LABOUR leader Ed Miliband yesterday urged border staff not to strike on the eve of the Olympics.
The Labour leader said he was “totally against” next Thursday’s planned walkout, the day before the Games officially open.
Thousands of staff at the Home Office, including airport immigration workers, are to stage a 24-hour strike in a row over jobs, pay and other issues.
The Public and Commercial Services union (PCS) said its members would take other forms of industrial action, such as a ban on overtime, from July 27 to August 20.
The action will hit border controls at ports and airports, threatening disruption to people travelling to London for the Games.
But Mr Miliband, who has been criticised for his close links to the unions, branded the strikes “totally wrong”.

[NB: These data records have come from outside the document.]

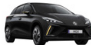
● Pebble Black
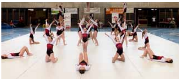
Gym Chézard au sol.
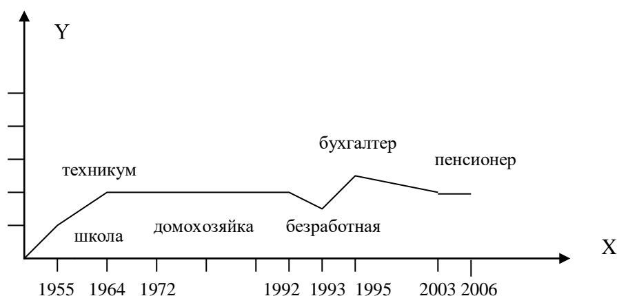
Рис. 1. Динамика статусного портрета члена моей семьи: ось OY — ранг статуса, ось OX — жизненный цикл индивида.

Задание 2. Изобразите статусный портрет члена вашей семьи и его динамику (пример)
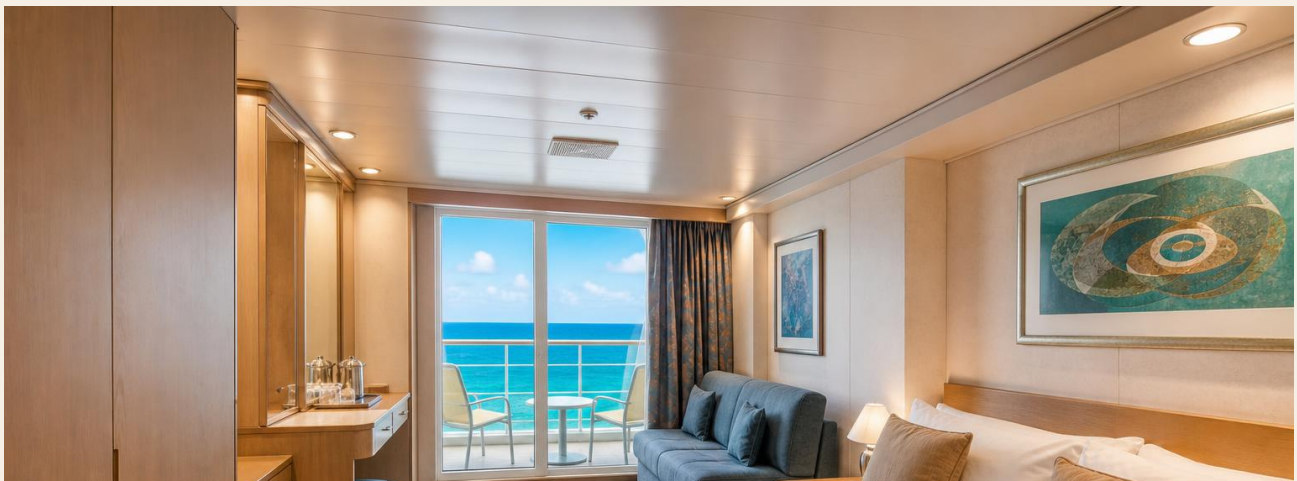
Cabine balcon à bord du MSC OPERA.

Conditions d'annulation : Pour un voyage de groupe forfaitisé, le dépôt est non remboursable ainsi que le paiement final. Si vous annulez votre participation, les montants payés de votre part serviront à maintenir la viabilité financière du forfait groupe.
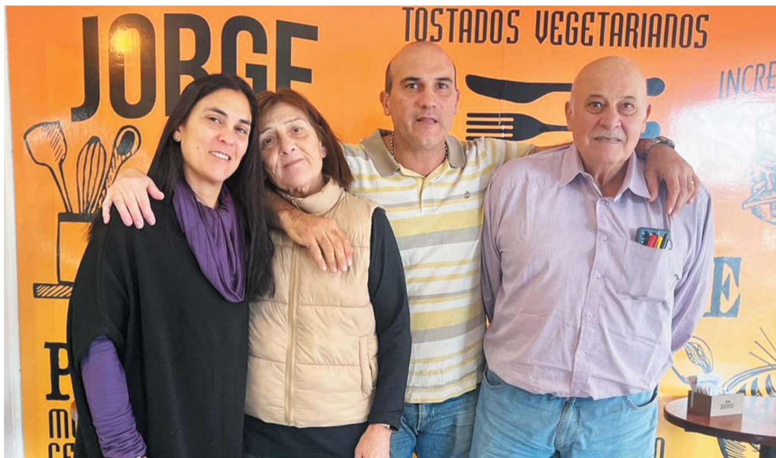
Una gran apuesta familiar que supo ganarse el cariño indiscutido de la comunidad.
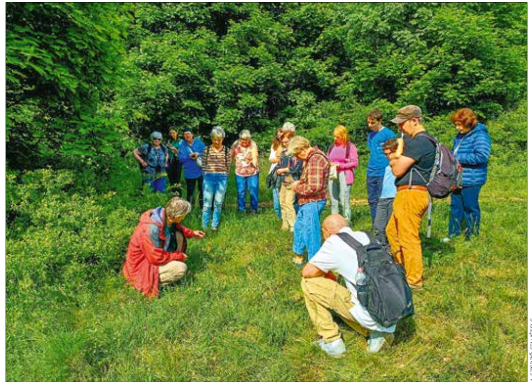
Egyre nagyobb szerepet kap a jövőben a környezeti nevelés, aminek részei a tematikus erdei séták

A fő prioritás a társadalmi és ökológiai közérdekűség, azaz a Hegyvidéken a „jó élet és jó közösségi lét” feltételeinek oly módon történő biztosítása mindenki számára, hogy annak hatásai ne lépjenek
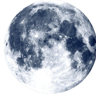
Imagem 1

Imagem 2
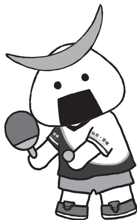
ねんりんピック卓球交流大会のマスコット
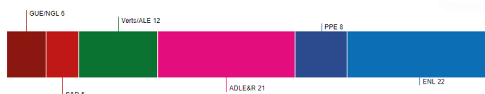
Sièges par groupe politique: 2019-2024 France - Résultats provisoires

La France envoie 79 représentants au Parlement européen. Sur ces 79 députés, 5 députés ne siègeront qu'à compter de la sortie effective du Royaume-Uni de l'Union Européenne.
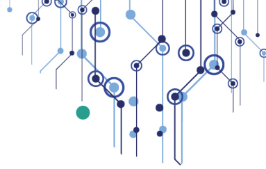
Table des matières

He said: “I don’t think they should be happening.
“Nothing must be allowed to disrupt the Olympic Games.
“I implore anybody involved in these strikes not to go ahead with them. I don’t think it is right for the country, I think it will cause disruption and I don’t think it’s what people want to see.”
Speaking on a visit to Corby in the East Midlands, he added: “It certainly won’t win any sympathy from the public for the cause that people who are thinking about going on strike are putting forward.”
The strike will involve staff across the Home Office, including the UK Border Agency, the Identity and Passport Service and Criminal Records Bureau.
PCS general secretary Mark Serwotka said: “The lives of staff have been made intolerable by these cuts and they’re at breaking point.
“Ministers have known about these issues for a very long time and need to act now to sort out the chaos they have caused.
“They’re acting recklessly in cutting so many jobs and privatising services, and are provocatively refusing to talk to us with a genuine desire to reach an agreement.”
Home Secretary Theresa May yesterday branded the PCS strike decision “shameful”.
She said: “They are holding a strike on what is one of the key days for people coming in for the Olympic Games.
“We will of course put contingency arrangements in place to ensure we can deal with people coming through the border as smoothly as possible.”